START PROVIDED ENTRIES

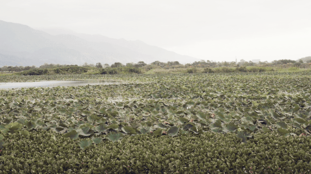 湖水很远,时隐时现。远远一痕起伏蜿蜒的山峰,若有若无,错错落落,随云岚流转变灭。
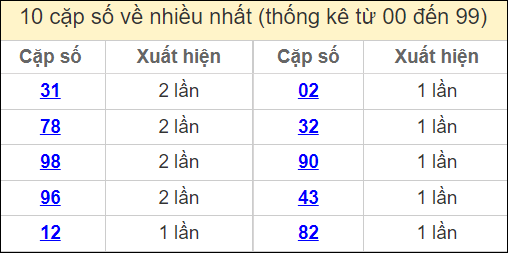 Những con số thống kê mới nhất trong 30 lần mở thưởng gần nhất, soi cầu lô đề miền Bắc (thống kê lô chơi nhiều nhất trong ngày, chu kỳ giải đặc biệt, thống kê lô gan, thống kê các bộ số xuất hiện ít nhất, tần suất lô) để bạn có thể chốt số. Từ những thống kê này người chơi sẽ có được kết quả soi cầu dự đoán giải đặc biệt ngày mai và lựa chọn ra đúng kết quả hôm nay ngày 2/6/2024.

END PROVIDED ENTRIES
START PROVIDED ENTRIES

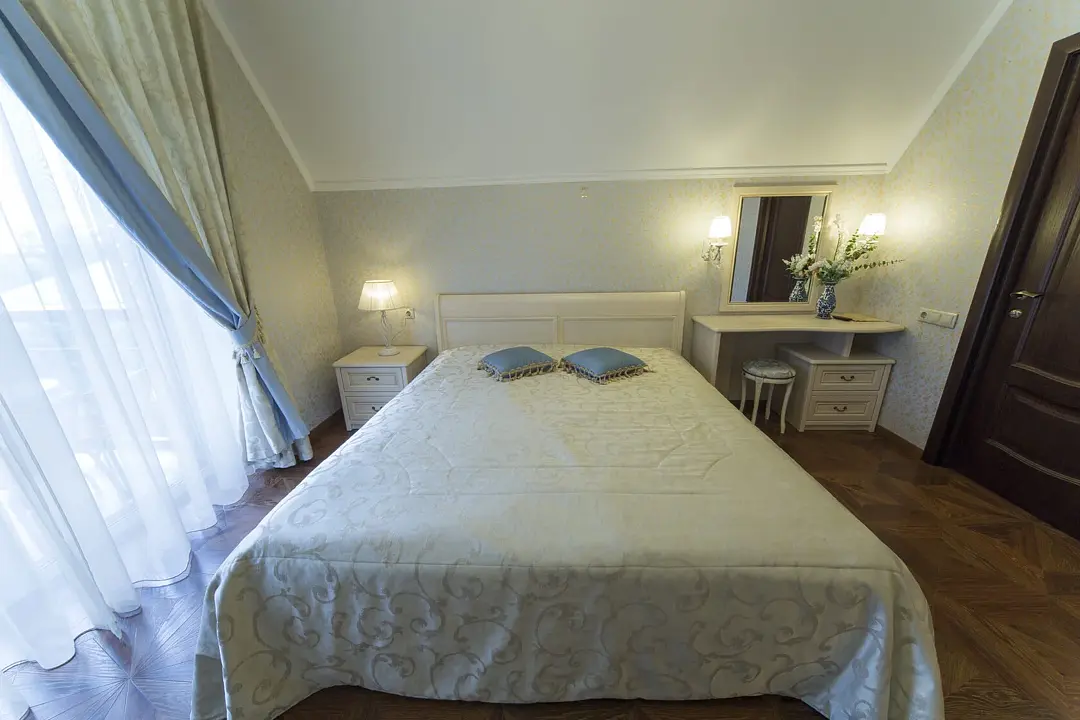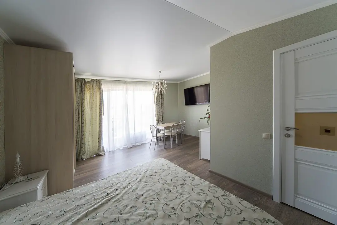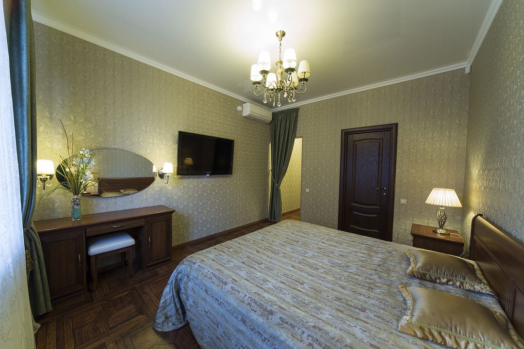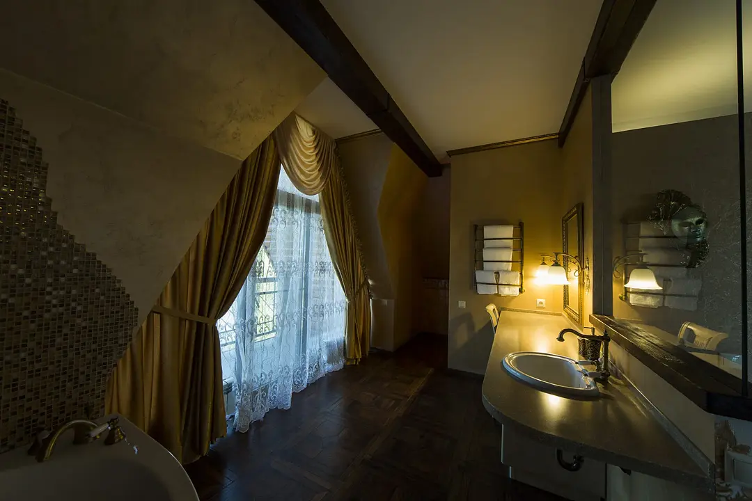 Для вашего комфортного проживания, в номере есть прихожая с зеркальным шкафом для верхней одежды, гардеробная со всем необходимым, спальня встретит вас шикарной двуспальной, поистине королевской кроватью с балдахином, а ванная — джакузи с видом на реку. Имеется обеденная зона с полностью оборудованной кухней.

END PROVIDED ENTRIES
START PROVIDED ENTRIES

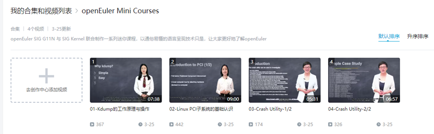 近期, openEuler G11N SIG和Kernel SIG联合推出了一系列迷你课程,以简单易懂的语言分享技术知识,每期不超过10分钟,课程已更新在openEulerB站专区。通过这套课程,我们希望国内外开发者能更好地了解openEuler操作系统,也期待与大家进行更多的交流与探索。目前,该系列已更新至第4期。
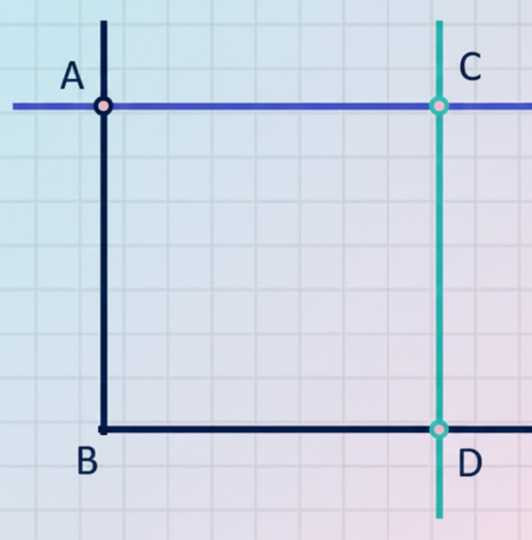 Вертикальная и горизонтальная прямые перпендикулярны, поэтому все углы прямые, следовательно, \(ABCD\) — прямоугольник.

END PROVIDED ENTRIES

#### [BRIEF]
Transcribe only the lines above that start at the line containing "湖水很远,时隐时现。远远一痕" and end at the line containing "Những con số". Omit pictures.

#### [WRITTEN ANSWER]
 湖水很远,时隐时现。远远一痕起伏蜿蜒的山峰,若有若无,错错落落,随云岚流转变灭。
 Những con số thống kê mới nhất trong 30 lần mở thưởng gần nhất, soi cầu lô đề miền Bắc (thống kê lô chơi nhiều nhất trong ngày, chu kỳ giải đặc biệt, thống kê lô gan, thống kê các bộ số xuất hiện ít nhất, tần suất lô) để bạn có thể chốt số. Từ những thống kê này người chơi sẽ có được kết quả soi cầu dự đoán giải đặc biệt ngày mai và lựa chọn ra đúng kết quả hôm nay ngày 2/6/2024.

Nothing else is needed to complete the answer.